Lin Qiushi profita du temps disponible pour observer les environs. Ce village semblait très délabré, la plupart des magasins disposés le long des rues étaient fermés. Par moments, une brise soufflait et soulevait la poussière au bord de la route, accentuant encore l’atmosphère de désolation du lieu.

À côté de la place se trouvait un panneau d’affichage. Lin Qiushi et Ruan Nanzhu s’en approchèrent pour jeter un œil et découvrirent trois avis de recherche d’enfants. Il s’agissait de garçons et de filles âgés d’environ sept ou huit ans, tous récemment placardés.

En voyant ces avis de recherche, Lin Qiushi pensa immédiatement à l’ombre mince et longue évoquée dans les indices. Bien que cette créature attaque aussi les adultes, sa première cible restait généralement les enfants. Il semblait donc évident que ces disparitions étaient étroitement liées à cette silhouette spectrale.

Alors que les gens murmuraient entre eux, un homme d’âge moyen au visage sévère arriva à l’extrémité de la place. Il se présenta brièvement comme le maire de la ville, puis leur expliqua leur identité dans ce monde derrière la porte.

« J’espère que vous pourrez nous aider à retrouver les enfants disparus », déclara le maire. « Tous ces enfants ont disparu au cours de la dernière semaine. Nous avons fouillé tout le village sans rien trouver. J’espère que vous pourrez accomplir la mission et retrouver les enfants perdus. »

Telle était la mission associée à cette porte.

Après son discours, le maire les emmena à l’auberge où ils séjourneraient.

Cette auberge correspondait bien à l’ambiance du village : extrêmement délabrée.

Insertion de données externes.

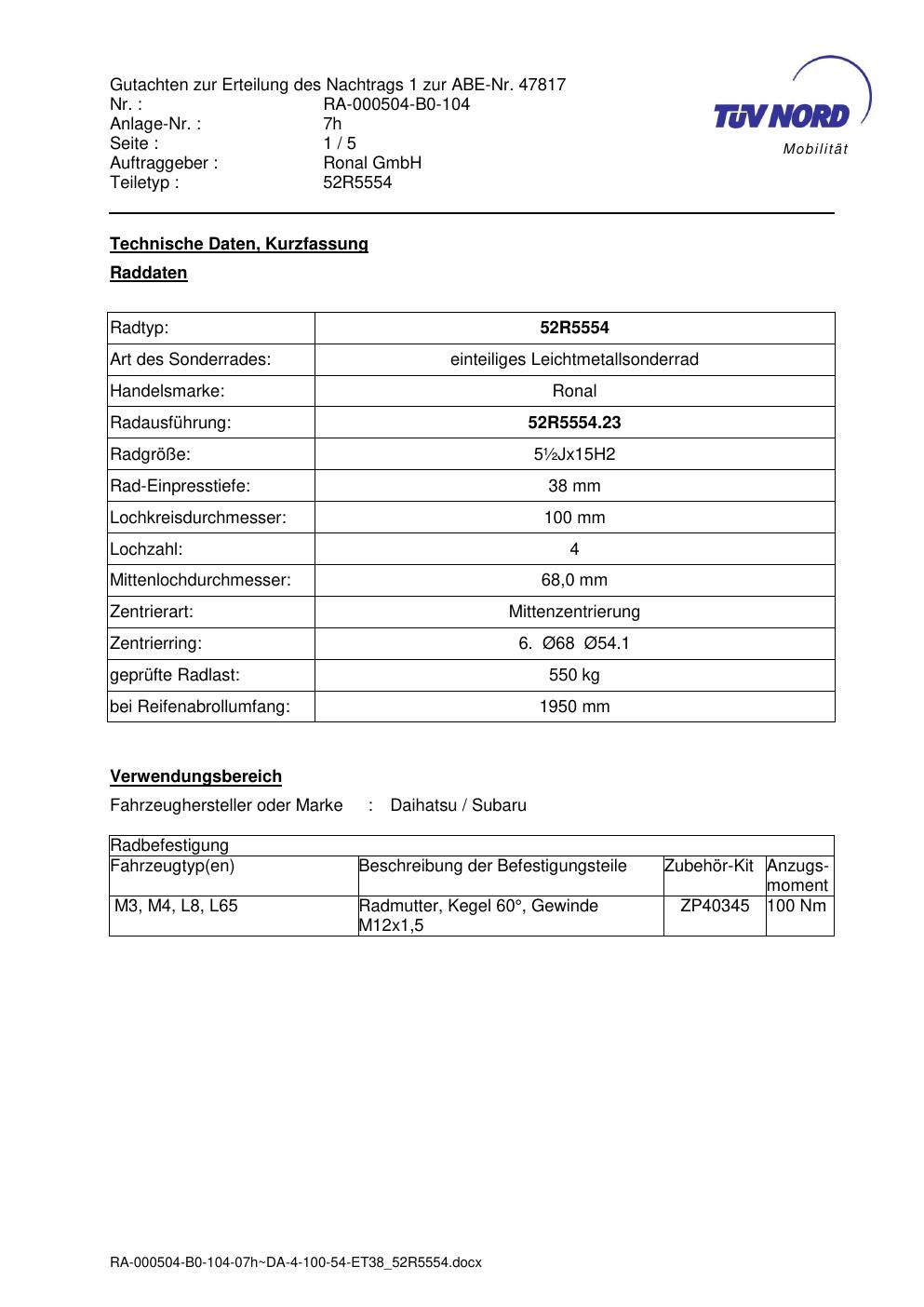 Dieses Gutachten (abe) bezieht sich auf die Alufelge ATS 52R5554 in der Ausführung ET 0, Mittenloch 0 mm (KBA 47817). Im PDF findest du typischerweise zulässige Reifengrößen, Auflagen/Anbauhinweise und – je nach Dokument – Hinweise zur Eintragung.
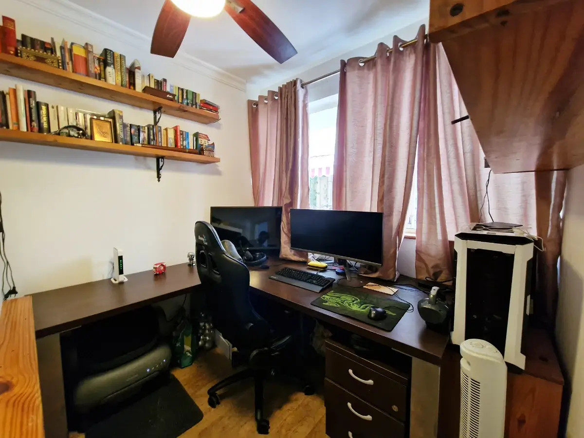 Each of the four spacious bedrooms offers large bright windows. The extensive bathroom features a bathtub, a walk-in shower, and a separate utility space for added convenience.

Un vieil homme somnolait à l’entrée. Lorsqu’il vit le maire arriver avec des visiteurs, il ne se donna même pas la peine d’ouvrir les yeux pour les saluer. Il lança simplement une clé d’un geste négligent avant de refermer les paupières et de continuer sa sieste.

Le maire semblait habitué à ce genre de comportement. Il expliqua : « Les étrangers viennent rarement ici. Depuis la disparition des enfants, tout le monde est très sensible. Je vous prie de faire preuve de tact lors de vos interrogatoires. »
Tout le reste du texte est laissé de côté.